**TASK TO CARRY OUT:** Copy out only the lines running from the one that contains "3月26日,池黃高鐵試運行列" through the end of the listing. Pictures stay out.

**EXCERPTED RECORDS:**
---------------

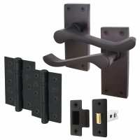 Victorian Rectory Matt Black Lever Door Handle Pack - 64mm Sashlock - 76mm Hinges
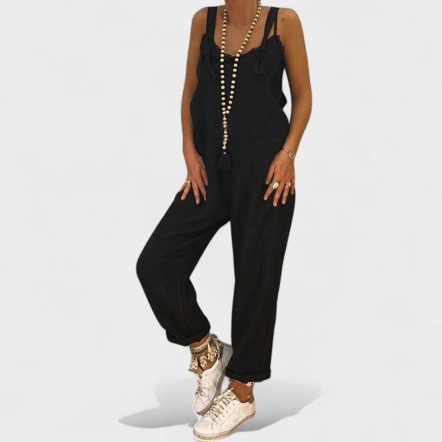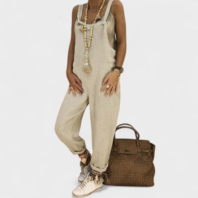 Deixe seu visual falar por você com esse macacão estilo jardineira feito de algodão e linho. Com um caimento solto e modelagem reta, ele é ideal para quem busca liberdade de movimento e um toque rústico-chique no look. A peça é perfeita para combinar com acessórios artesanais, tênis ou sandálias, criando uma estética natural e descomplicada.
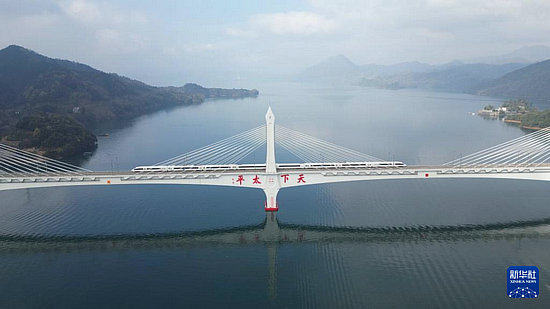 3月26日,池黃高鐵試運行列車行駛在黃山市黃山區(qū)太平湖特大橋上(無人機照片)。新華社發(fā)(陳蘇青攝)
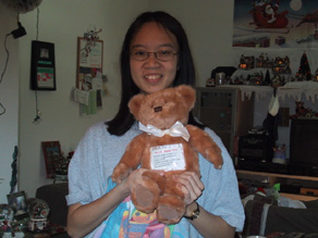 | Karen's mom sent Melody this cute bear. He has a place on his tummy for you to put a picture. Melody put in one of our good Christmas pictures so that he would always have us close to his heart. Isn't he cute? |
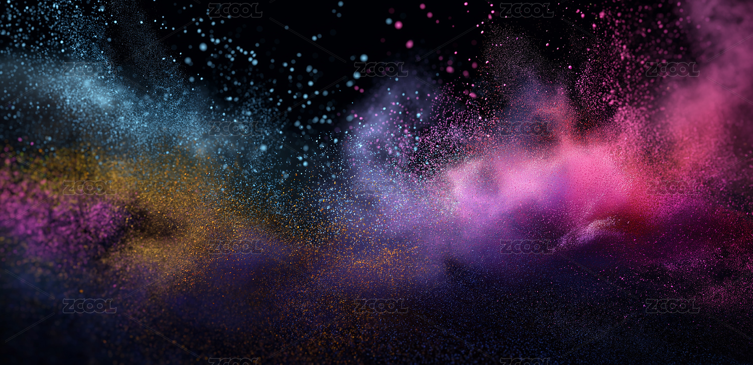 黑色背景中蓝色粉色颜料粉末碰撞喷溅背景
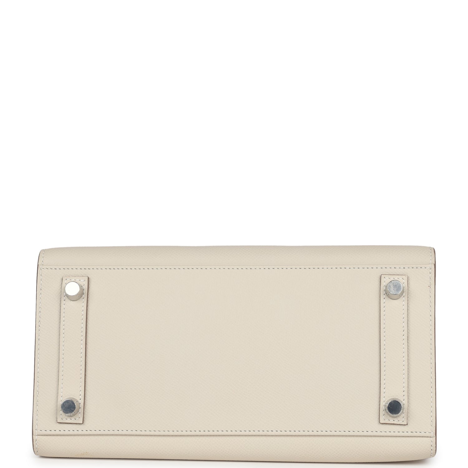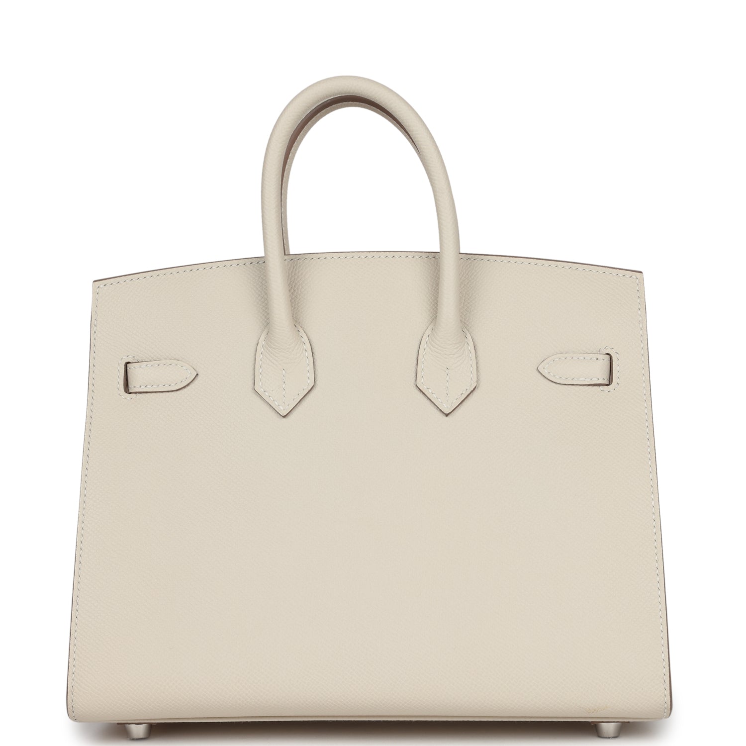 This Birkin is in Craie epsom leather with palladium hardware and has tonal stitching, front flap, two straps with center toggle closure, clochette with lock and two keys, and double rolled handles.
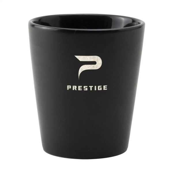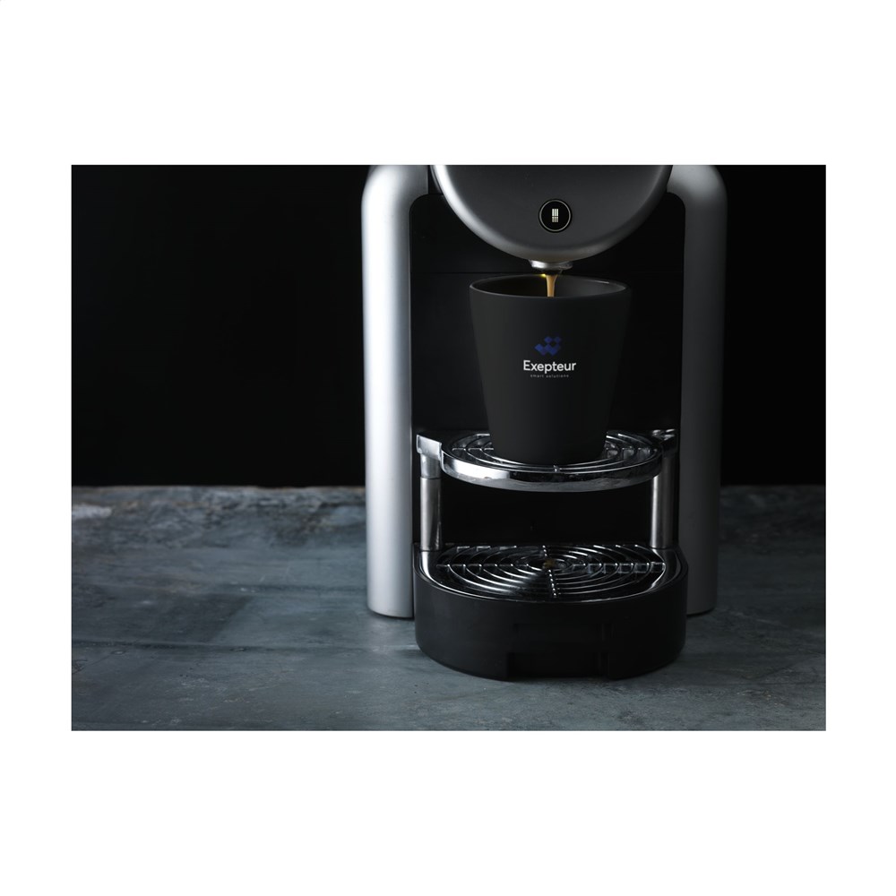 Trendiger Becher ohne Henkel. Aus hochwertiger Keramik. Mit matter, farbiger Außenseite und kontrastierender weißer Hochglanz-Innenseite. Geeignet für alle Kaffeemaschinen. Fassungsvermögen 190 ml. Spülmaschinenfest. Der Druck ist spülmaschinengeprüft und zertifiziert: EN 12875-2.

---------------

**RESPONSE TO THIS EXERCISE:**
 3月26日,池黃高鐵試運行列車行駛在黃山市黃山區(qū)太平湖特大橋上(無人機照片)。新華社發(fā)(陳蘇青攝)
 | Karen's mom sent Melody this cute bear. He has a place on his tummy for you to put a picture. Melody put in one of our good Christmas pictures so that he would always have us close to his heart. Isn't he cute? |
 黑色背景中蓝色粉色颜料粉末碰撞喷溅背景
 This Birkin is in Craie epsom leather with palladium hardware and has tonal stitching, front flap, two straps with center toggle closure, clochette with lock and two keys, and double rolled handles.
 Trendiger Becher ohne Henkel. Aus hochwertiger Keramik. Mit matter, farbiger Außenseite und kontrastierender weißer Hochglanz-Innenseite. Geeignet für alle Kaffeemaschinen. Fassungsvermögen 190 ml. Spülmaschinenfest. Der Druck ist spülmaschinengeprüft und zertifiziert: EN 12875-2.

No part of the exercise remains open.